Re: MLlib - logistic regression with GD vs LBFGS, sparse vs dense benchmark result

2014-04-23 Thread David Hall
On Wed, Apr 23, 2014 at 10:18 PM, DB Tsai  wrote:

> ps, it doesn't make sense to have weight and gradient sparse unless
> with strong L1 penalty.
>

Sure, I was just checking the obvious things. Have you run it through it a
profiler to see where the problem is?



>
> Sincerely,
>
> DB Tsai
> ---
> My Blog: https://www.dbtsai.com
> LinkedIn: https://www.linkedin.com/in/dbtsai
>
>
> On Wed, Apr 23, 2014 at 10:17 PM, DB Tsai  wrote:
> > In mllib, the weight, and gradient are dense. Only feature is sparse.
> >
> > Sincerely,
> >
> > DB Tsai
> > ---
> > My Blog: https://www.dbtsai.com
> > LinkedIn: https://www.linkedin.com/in/dbtsai
> >
> >
> > On Wed, Apr 23, 2014 at 10:16 PM, David Hall 
> wrote:
> >> Was the weight vector sparse? The gradients? Or just the feature
> vectors?
> >>
> >>
> >> On Wed, Apr 23, 2014 at 10:08 PM, DB Tsai  wrote:
> >>>
> >>> The figure showing the Log-Likelihood vs Time can be found here.
> >>>
> >>>
> >>>
> https://github.com/dbtsai/spark-lbfgs-benchmark/raw/fd703303fb1c16ef5714901739154728550becf4/result/a9a11M.pdf
> >>>
> >>> Let me know if you can not open it.
> >>>
> >>> Sincerely,
> >>>
> >>> DB Tsai
> >>> ---
> >>> My Blog: https://www.dbtsai.com
> >>> LinkedIn: https://www.linkedin.com/in/dbtsai
> >>>
> >>>
> >>> On Wed, Apr 23, 2014 at 9:34 PM, Shivaram Venkataraman <
> >>> shiva...@eecs.berkeley.edu> wrote:
> >>>
> >>> > I don't think the attachment came through in the list. Could you
> upload
> >>> > the results somewhere and link to them ?
> >>> >
> >>> >
> >>> > On Wed, Apr 23, 2014 at 9:32 PM, DB Tsai  wrote:
> >>> >
> >>> >> 123 features per rows, and in average, 89% are zeros.
> >>> >> On Apr 23, 2014 9:31 PM, "Evan Sparks" 
> wrote:
> >>> >>
> >>> >> > What is the number of non zeroes per row (and number of features)
> in
> >>> >> > the
> >>> >> > sparse case?
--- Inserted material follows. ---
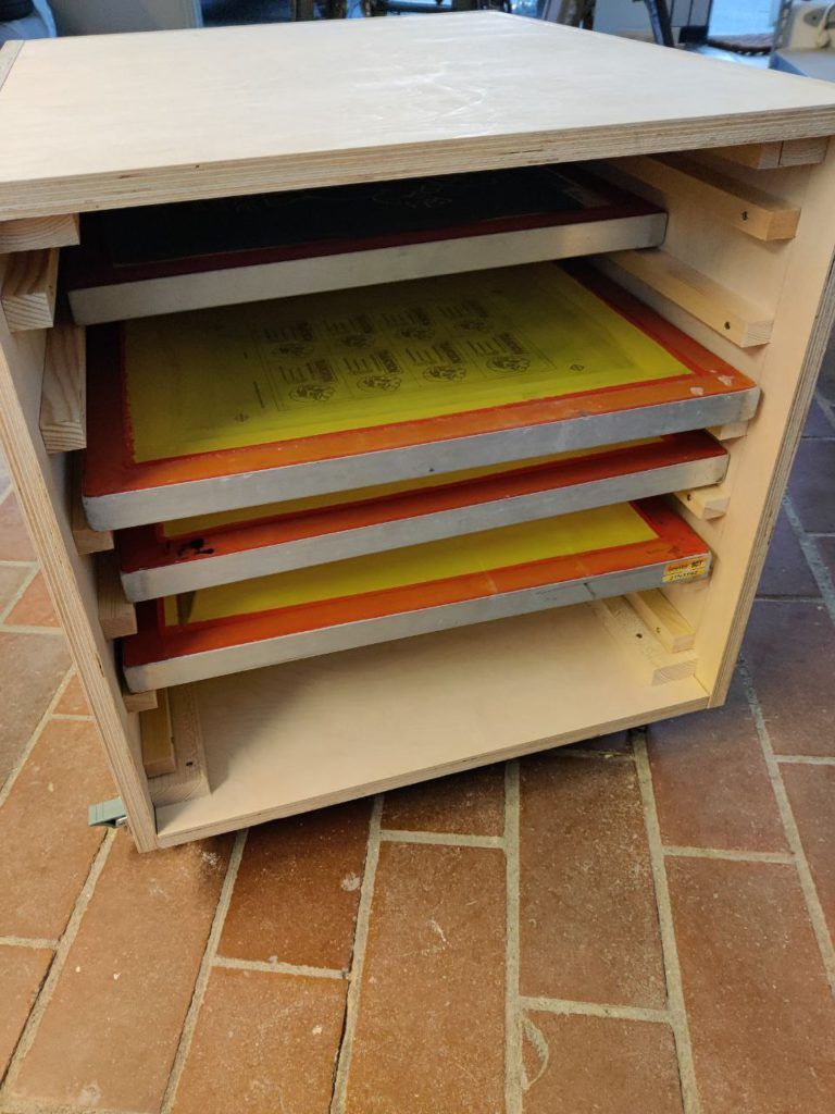 Um im Maschinenraum drucken zu können, musste ein Trockenschrank für Drucksiebe her, in den die vorhandenen A3+ und A3 Siebe passen.

We've hit some issues with breeze sparse support in
> the
> >>> >> past
> >>> >> > but for sufficiently sparse data it's still pretty good.
> >>> >> >
> >>> >> > > On Apr 23, 2014, at 9:21 PM, DB Tsai 
> wrote:
> >>> >> > >
> >>> >> > > Hi all,
> >>> >> > >
> >>> >> > > I'm benchmarking Logistic Regression in MLlib using the newly
> added
> >>> >> > optimizer LBFGS and GD. I'm using the same dataset and the same
> >>> >> methodology
> >>> >> > in this paper, http://www.csie.ntu.edu.tw/~cjlin/papers/l1.pdf
> >>> >> > >
> >>> >> > > I want to know how Spark scale while adding workers, and how
> >>> >> optimizers
> >>> >> > and input format (sparse or dense) impact performance.
> >>> >> > >
> >>> >> > > The benchmark code can be found here,
> >>> >> > https://github.com/dbtsai/spark-lbfgs-benchmark
> >>> >> > >
> >>> >> > > The first dataset I benchmarked is a9a which only has 2.2MB. I
> >>> >> > duplicated the dataset, and made it 762MB to have 11M rows. This
> >>> >> > dataset
> >>> >> > has 123 features and 11% of the data are non-zero elements.
> >>> >> > >
> >>> >> > > In this benchmark, all the dataset is cached in memory.
> >>> >> > >
> >>> >> > > As we expect, LBFGS converges faster than GD, and at some
> point, no
> >>> >> > matter how we push GD, it will converge slower and slower.
> >>> >> > >
> >>> >> > > However, it's surprising that sparse format runs slower than
> dense
> >>> >> > format. I did see that sparse format takes significantly smaller
> >>> >> > amount
> >>> >> of
> >>> >> > memory in caching RDD, but sparse is 40% slower than dense. I
> think
> >>> >> sparse
> >>> >> > should be fast since when we compute x wT, since x is sparse, we
> can
> >>> >> > do
> >>> >> it
> >>> >> > faster. I wonder if there is anything I'm doing wrong.
> >>> >> > >
> >>> >> > > The attachment is the benchmark result.
> >>> >> > >
> >>> >> > > Thanks.
> >>> >> > >
> >>> >> > > Sincerely,
> >>> >> > >
> >>> >> > > DB Tsai
> >>> >> > > ---
> >>> >> > > My Blog: https://www.dbtsai.com
> >>> >> > > LinkedIn: https://www.linkedin.com/in/dbtsai
> >>> >> >
> >>> >>
> >>> >
> >>> >
> >>
> >>
>


Re: MLlib - logistic regression with GD vs LBFGS, sparse vs dense benchmark result

2014-04-23 Thread David Hall
Was the weight vector sparse? The gradients? Or just the feature vectors?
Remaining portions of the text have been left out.